Lemgruber® elastic tubing has been used as an adjunct to exercise training with positive effects in healthy adults and in patients with chronic lung disease. Despite its benefits, there is a lack of information on the specific resistance, elongation, reproducibility and safety of the different types of Lemgruber® elastic tubing.

ObjectivesThe primary outcome was to assess the length-resistance relation (E/R) of five Lemgruber® elastic tubing of different diameters. Secondary outcomes included the development of reference equations of resistance according to elongation of Lemgruber® elastic tubing types and; the description of Lemgruber® elastic tubing safety and; the description of elongation of Lemgruber® elastic tubing using a clinically useful outcome (i.e. range of motion, in degrees).

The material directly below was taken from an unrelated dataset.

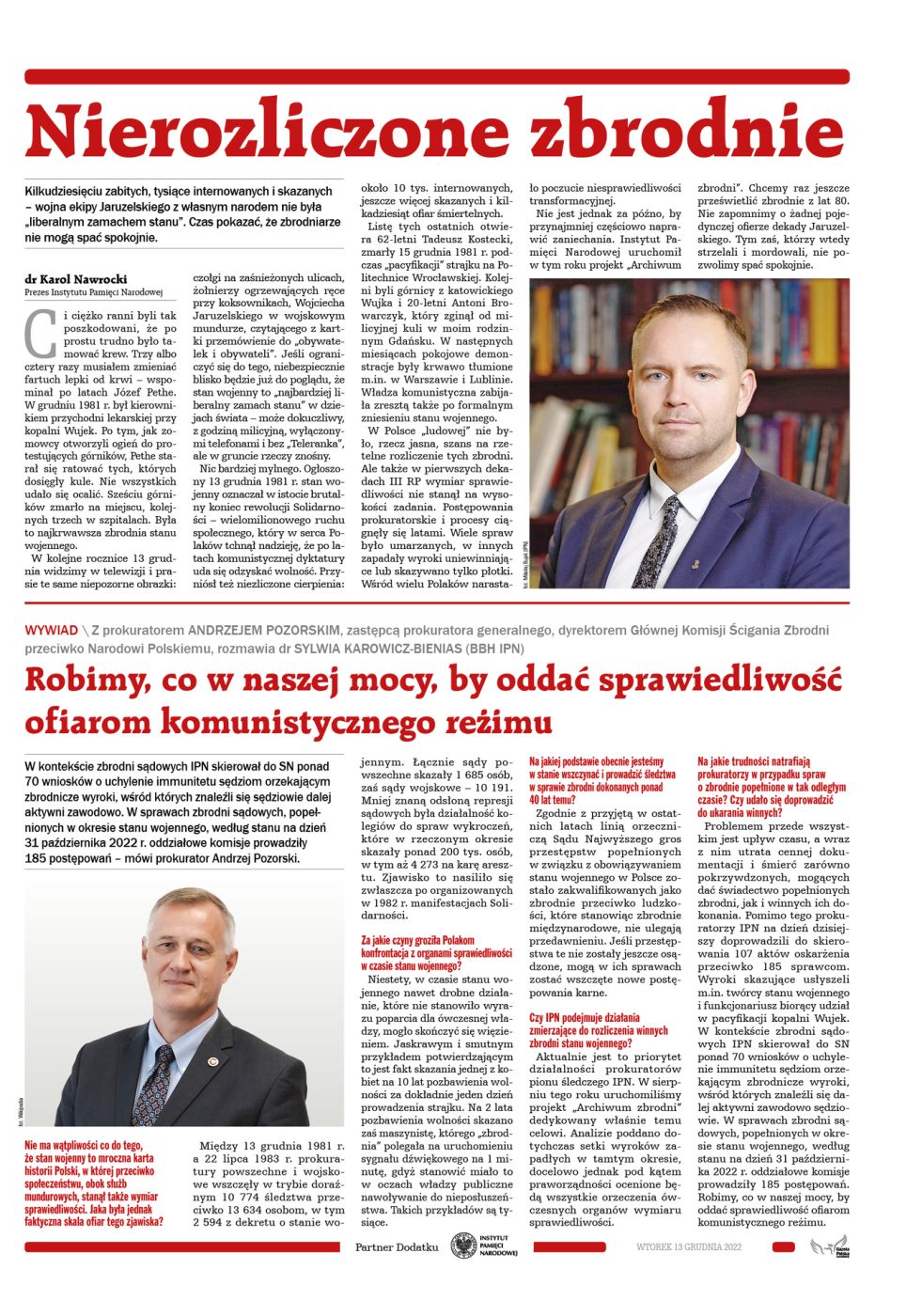 - Wywiad z prok. Andrzejem Pozorskim, dyrektorem Głównej Komisji Ścigania zbrodni przeciwko Narodowi Polskiemu, zastępcą Prokuratora Generalnego: „Robimy co w naszej mocy, by oddać sprawiedliwość ofiarom komunistycznego reżimu”

MethodsThe relation between elongation and resistance of Lemgruber® elastic tubing was investigated in a laboratory environment. Secondly, reference equations for the resistance according to the elongation in each Lemgruber® elastic tubing were calculated. Finally, the elongation of the tubing during movements in different degrees of range of motion were estimated using mathematical models, so that the resistance provided by the tubing for any exercise could be predicted.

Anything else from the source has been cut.